[Input records — start]

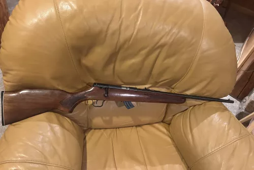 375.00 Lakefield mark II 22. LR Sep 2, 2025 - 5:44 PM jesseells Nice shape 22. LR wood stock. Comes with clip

[Input records — finish]
[Input records — start]

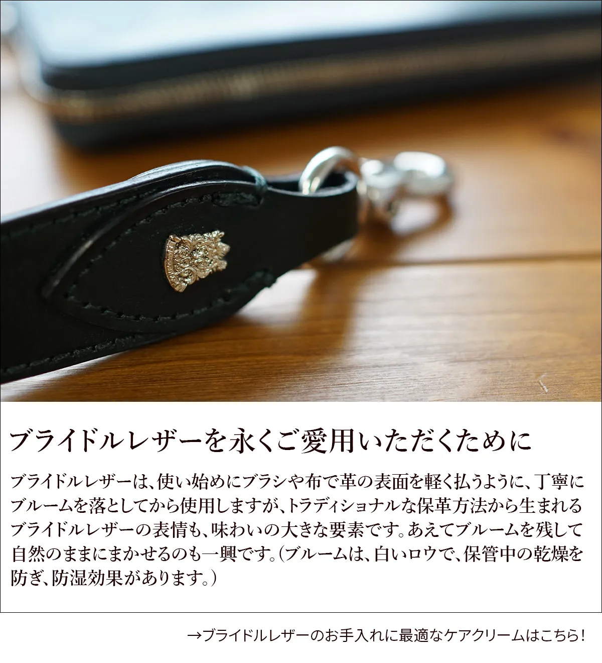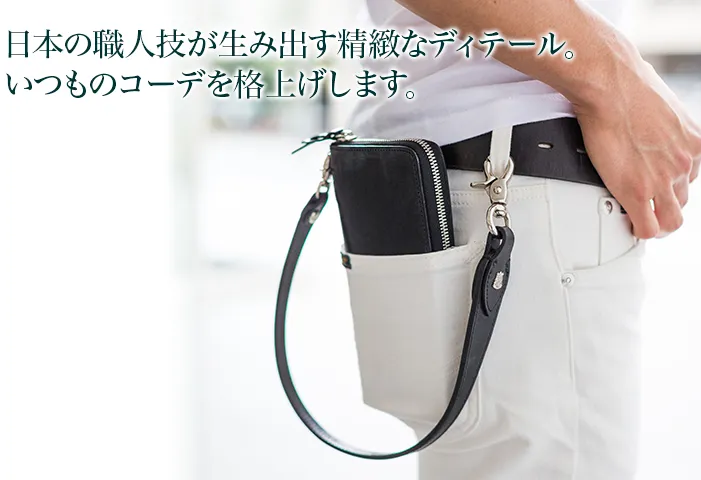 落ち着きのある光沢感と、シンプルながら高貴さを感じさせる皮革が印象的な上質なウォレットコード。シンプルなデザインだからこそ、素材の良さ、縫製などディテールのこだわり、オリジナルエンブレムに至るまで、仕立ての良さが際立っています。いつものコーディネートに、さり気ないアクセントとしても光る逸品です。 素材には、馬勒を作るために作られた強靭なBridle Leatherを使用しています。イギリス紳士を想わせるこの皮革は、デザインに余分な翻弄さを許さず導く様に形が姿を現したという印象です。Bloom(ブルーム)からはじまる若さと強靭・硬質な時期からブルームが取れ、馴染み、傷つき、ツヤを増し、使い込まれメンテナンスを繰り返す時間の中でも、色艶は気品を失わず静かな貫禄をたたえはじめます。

[Input records — finish]
[Input records — start]

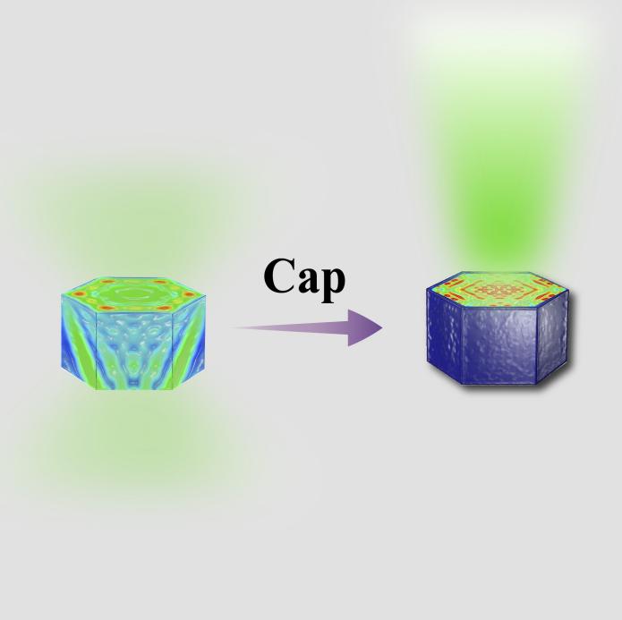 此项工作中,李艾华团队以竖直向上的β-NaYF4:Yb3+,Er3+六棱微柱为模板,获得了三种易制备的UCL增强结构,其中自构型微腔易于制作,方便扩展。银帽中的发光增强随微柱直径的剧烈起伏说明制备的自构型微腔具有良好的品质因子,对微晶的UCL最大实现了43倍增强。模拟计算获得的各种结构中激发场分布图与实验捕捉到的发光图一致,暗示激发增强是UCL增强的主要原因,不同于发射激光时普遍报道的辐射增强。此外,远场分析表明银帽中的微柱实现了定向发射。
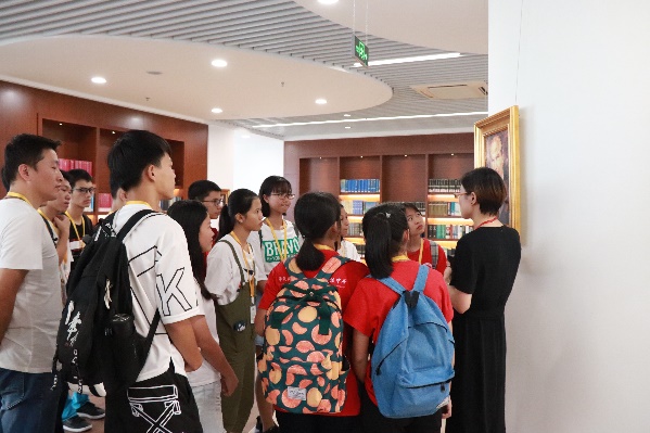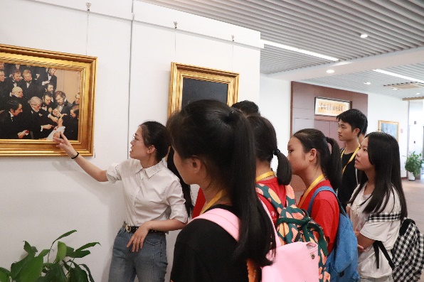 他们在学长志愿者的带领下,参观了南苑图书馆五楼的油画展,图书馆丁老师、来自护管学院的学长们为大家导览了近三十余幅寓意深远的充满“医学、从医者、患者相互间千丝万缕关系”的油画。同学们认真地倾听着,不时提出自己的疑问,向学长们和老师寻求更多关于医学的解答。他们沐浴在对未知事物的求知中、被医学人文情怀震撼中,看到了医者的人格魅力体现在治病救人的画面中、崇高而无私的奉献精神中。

[Input records — finish]

(Brief):
Your reply is to be an exact repeat of the listing above from the line holding "此项工作中,李艾华团队以竖直" down to the line holding "他们在学长志愿者的带领下,参", ends included, pictures excluded.

(Finished exercise):
 此项工作中,李艾华团队以竖直向上的β-NaYF4:Yb3+,Er3+六棱微柱为模板,获得了三种易制备的UCL增强结构,其中自构型微腔易于制作,方便扩展。银帽中的发光增强随微柱直径的剧烈起伏说明制备的自构型微腔具有良好的品质因子,对微晶的UCL最大实现了43倍增强。模拟计算获得的各种结构中激发场分布图与实验捕捉到的发光图一致,暗示激发增强是UCL增强的主要原因,不同于发射激光时普遍报道的辐射增强。此外,远场分析表明银帽中的微柱实现了定向发射。
 他们在学长志愿者的带领下,参观了南苑图书馆五楼的油画展,图书馆丁老师、来自护管学院的学长们为大家导览了近三十余幅寓意深远的充满“医学、从医者、患者相互间千丝万缕关系”的油画。同学们认真地倾听着,不时提出自己的疑问,向学长们和老师寻求更多关于医学的解答。他们沐浴在对未知事物的求知中、被医学人文情怀震撼中,看到了医者的人格魅力体现在治病救人的画面中、崇高而无私的奉献精神中。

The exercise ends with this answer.